The last ten or so minutes of a Nia class are spent cooling down and stretching on the floor, often guided only by the music and your own body’s feedback and wisdom about what stretches or movements you need in order to feel complete. The songs that close the class are typically soothing and down-tempo: sometimes gongs, or chants, or even just the music of ocean waves. As I cued Ruth and Debbie to bring themselves to the floor for this penultimate cycle of class, I was aware that ITunes might serve up “Let’s Go Crazy,” “Little Red Corvette” or some other Prince song unsuited to calming our nervous systems and resting our bodies. It popped into my head to say, half-humorously, but also with an element of supplication: “let’s just hope the universe shuffles up something luscious and slow for this last song. And if it doesn’t, then, oh well, we’ll still move with calm, even though the world around us is going crazy.”

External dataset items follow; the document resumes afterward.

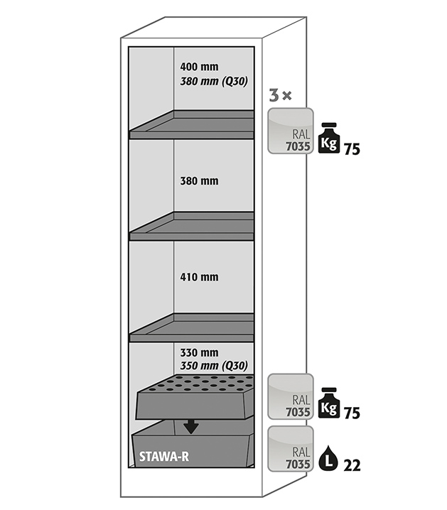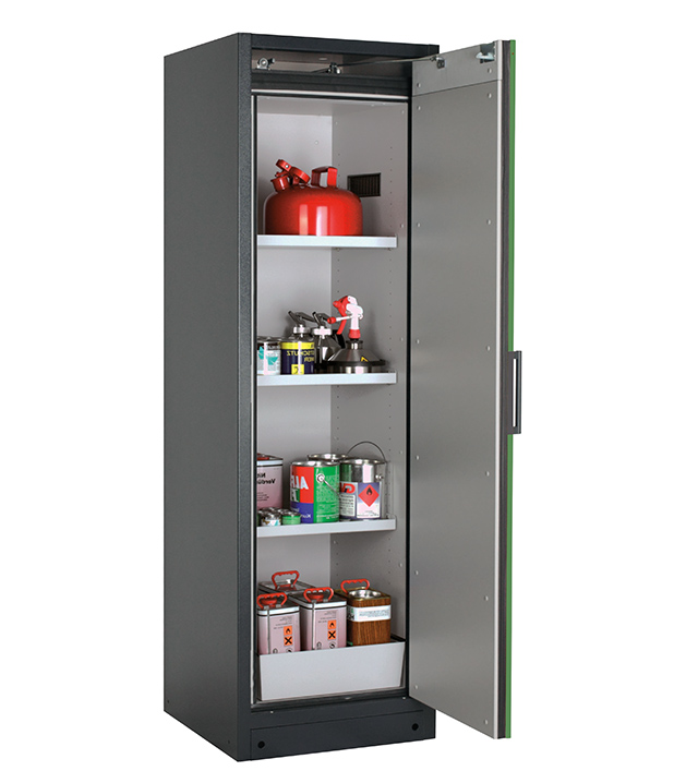 Korpusfarbe Anthrazitgrau (RAL 7016), mit Flügeltür in Resedagrün (RAL 6011), Inneneinrichtung mit 3 x Fachboden, 1 x Lochblecheinsatz, 1 x Bodenauffangwanne (Stahlblech pulverbeschichtet)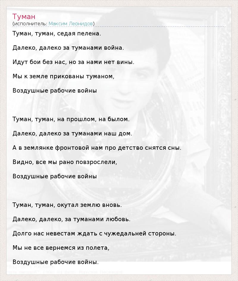А как ты думаешь, о чем песня "Туман" ?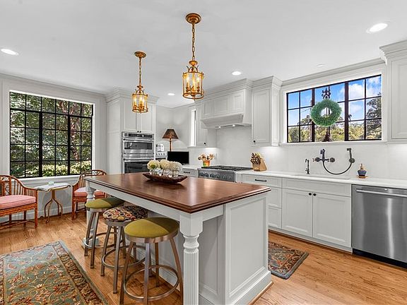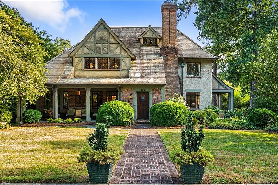 This 1926 English Tudor estate is a perfect blend of historic charm with modern conveniences. The kitchen has been completely redesigned and now features upgraded, high end appliances and custom marble countertops. All hardwoods have been restored and gleam throughout. The screened-in back porch with wood burning fire place is a wonderful space for entertaining & enjoying the NC weather. The sunroom off the grand living room overlooks one of five unique entertaining spaces around the property, and there is a grand portico that includes a supercharger for an electric vehicle. An oversized primary bedroom upstairs has an updated bathroom while the other 4 bedrooms each have en-suite bathrooms each with their unique touches. Walk up attic is over 300 sq feet and floored for storage or ready to finish out as additional living space. Ample storage and closet space throughout the home. This special home on the tree-lined streets of Emerywood is truly one of a kind!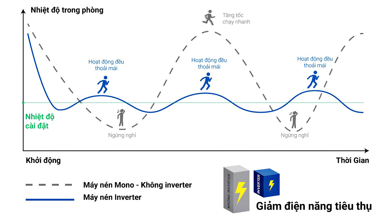 Hẹn giờ bật tắt máy: người dùng không cần tỉnh giấc nửa đêm để điều chỉnh lại mức nhiệt độ, tránh tình trạng giấc ngủ của bạn bị gián đoạn.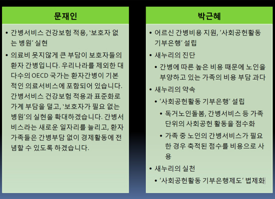 그런데 마침 16일 열린 3차 대선후보 TV 토론에서 관련된 내용이 언급되었다. 문 후보가 박 후보에게 전액 국가가 부담하는 4대 중중질환 진료비에 간병비도 포함된 것이냐고 물어본 것이다. 그러자 박 후보는 간병비도 포함된 것이라 대답했다. 4대 중증질환에 대해서는 비급여까지 포함해서 전액 국가가 부담할 예정이기에 간병비는 당연히 포함된다는 것이다. 이는 지난 토론회 때 본인이 한 발언과 정면으로 배치된다. 그럼 도대체 어느 말이 맞는 것일까?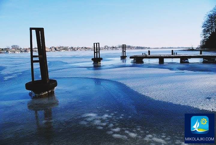 Zamarznięty pomost w Mikołajkach - Zimowa sceneria z zamarzniętym pomostem na jeziorze w Mikołajkach, popularnym mazurskim miasteczku.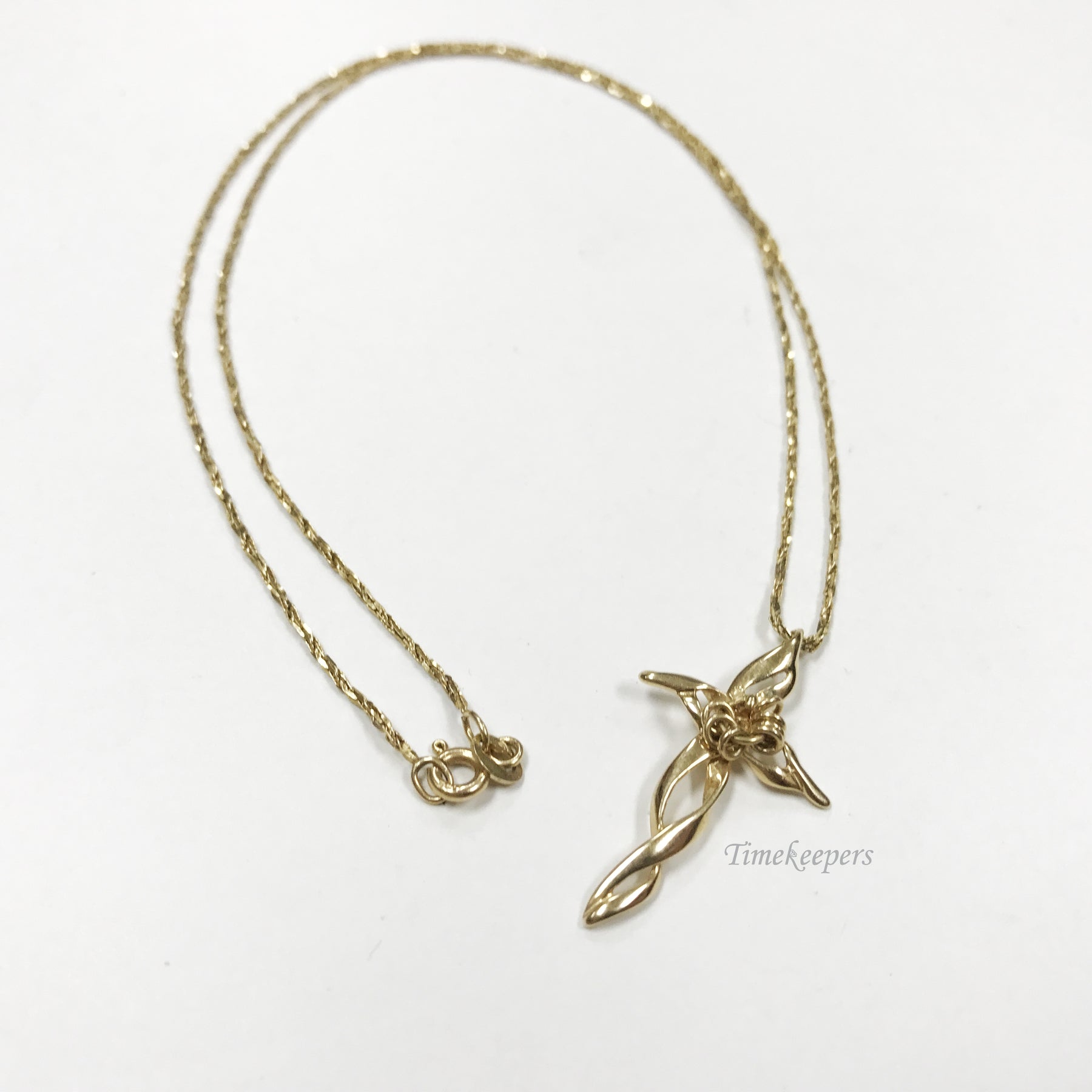 This lovely cross features two ribbons of gold entwined with each other forming the cross. The center features 7 gold rings hanging from a center ring. The back of the cross is stamped 14k. The clasp of the chain is stamped 14k Italy.

And then the heavens opened, and out of the speakers came the first guitar strains of “Purple Rain.” It could not have been a more perfect note on which to end our adventure of “let’s just make up a class.” I thought of one of my favorite New Testament passages: “ask, and you shall receive; knock, and it shall be opened unto you.” And despite the meanness of our culture, the cruel tweets and internet trolls, the anger worn like a medal, the friend or parent with cancer or a broken heart, the soul-deflating intractability of racism and sexism, the vitriol unleashed in this political cycle in our country and the enduring suffering of oppressed people across the globe—all those dark and dreary realities that make us wonder how, if there is a God, he/she/they could be considered “good” –we three, Ruth, Debbie and I, for that one instant, knew the soft, playful kindness of divine love.

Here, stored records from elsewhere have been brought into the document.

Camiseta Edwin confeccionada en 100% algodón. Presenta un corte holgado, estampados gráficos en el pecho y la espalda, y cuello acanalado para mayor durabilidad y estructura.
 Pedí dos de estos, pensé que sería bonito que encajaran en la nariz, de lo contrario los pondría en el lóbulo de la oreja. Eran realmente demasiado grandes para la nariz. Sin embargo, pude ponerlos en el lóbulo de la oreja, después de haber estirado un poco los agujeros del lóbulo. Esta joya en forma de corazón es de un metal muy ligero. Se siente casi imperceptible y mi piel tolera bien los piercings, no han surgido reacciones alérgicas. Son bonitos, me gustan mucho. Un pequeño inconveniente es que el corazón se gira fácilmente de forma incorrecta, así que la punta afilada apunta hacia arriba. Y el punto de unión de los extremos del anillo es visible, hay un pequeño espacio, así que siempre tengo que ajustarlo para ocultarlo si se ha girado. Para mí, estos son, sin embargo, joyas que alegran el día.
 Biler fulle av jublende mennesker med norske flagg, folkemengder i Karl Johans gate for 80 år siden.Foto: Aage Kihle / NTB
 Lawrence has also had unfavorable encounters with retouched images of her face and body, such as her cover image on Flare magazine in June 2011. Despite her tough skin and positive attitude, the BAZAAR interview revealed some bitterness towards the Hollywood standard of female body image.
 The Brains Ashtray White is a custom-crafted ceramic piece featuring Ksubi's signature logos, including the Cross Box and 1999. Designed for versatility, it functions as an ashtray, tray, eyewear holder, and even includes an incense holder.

I never meant to cause you any sorrow
I never meant to cause you any pain
I only wanted one time to see you laughing
I only want to see you
Laughing in the purple rain.

Purple rain, purple rain
Purple rain, purple rain
Purple rain, purple rain
I only want to see you
Bathing in the purple rain.


Post-script:  My phone,  I discovered last night after turning the house upside-down, was in my car all along.